(Source data)
———
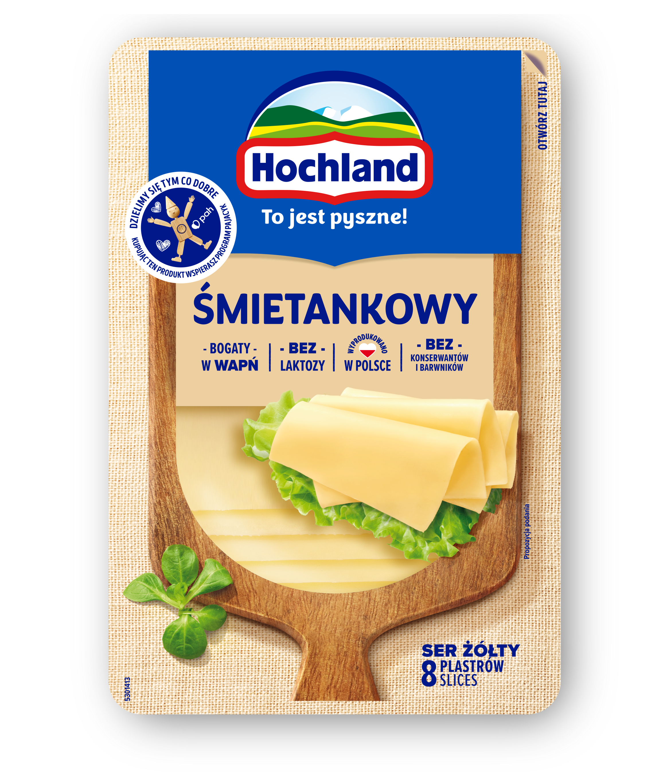Hochland Śmietankowy ser żółty w plastrach. Ser podpuszczkowy dojrzewający
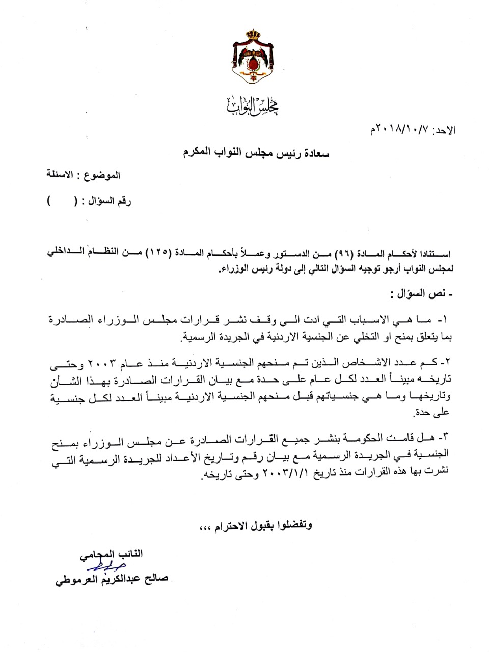أحداث اليوم - توجه النائب صالح العرموطي بسؤالٍ نيابيٍ إلى رئيس الوزراء الدكتور عمر الرزاز يتعلق بوقف نشر صفحة "الجنسية" من على الجريدة الرسمية.
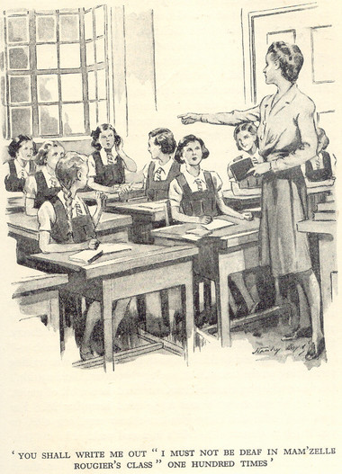 June’s next trick involves a very powerful magnet. She knows that any mistress would suspect a trick if she plays it, so she gives it to Susan who uses it to pull all the pins out of Mam’zelle Rougier’s neat little bun at the end of a French class. Of course her bun completely unravels and she is alarmed to think perhaps she forgot to pin her hair up that morning as there are certainly no pins there now.
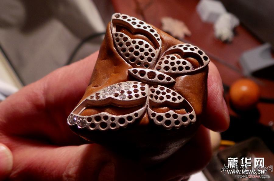 (2)12月12日,法国著名珠宝品牌“梵克雅宝”的珠宝工匠在现场展示珠宝设计制作工艺流程。
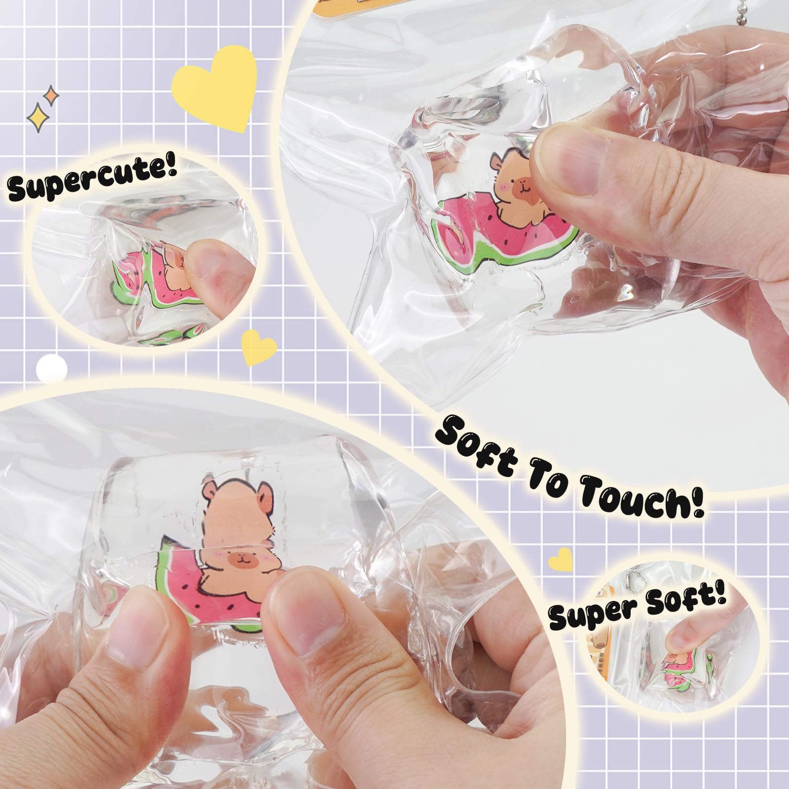 The squishy is cute and soft jelly that fits perfectly in the palm of the hands. It is placed in a transparent bag and the small balls and other small accessories inside are placed manually so the color size and style are random. These stress balls for mature-themed can be easily tucked into pockets backpacks bags etc. as travel toys!
———
Images stay out, but the rest of the data above must be repeated exactly.

Hochland Śmietankowy ser żółty w plastrach. Ser podpuszczkowy dojrzewający
أحداث اليوم - توجه النائب صالح العرموطي بسؤالٍ نيابيٍ إلى رئيس الوزراء الدكتور عمر الرزاز يتعلق بوقف نشر صفحة "الجنسية" من على الجريدة الرسمية.
 June’s next trick involves a very powerful magnet. She knows that any mistress would suspect a trick if she plays it, so she gives it to Susan who uses it to pull all the pins out of Mam’zelle Rougier’s neat little bun at the end of a French class. Of course her bun completely unravels and she is alarmed to think perhaps she forgot to pin her hair up that morning as there are certainly no pins there now.
 (2)12月12日,法国著名珠宝品牌“梵克雅宝”的珠宝工匠在现场展示珠宝设计制作工艺流程。
 The squishy is cute and soft jelly that fits perfectly in the palm of the hands. It is placed in a transparent bag and the small balls and other small accessories inside are placed manually so the color size and style are random. These stress balls for mature-themed can be easily tucked into pockets backpacks bags etc. as travel toys!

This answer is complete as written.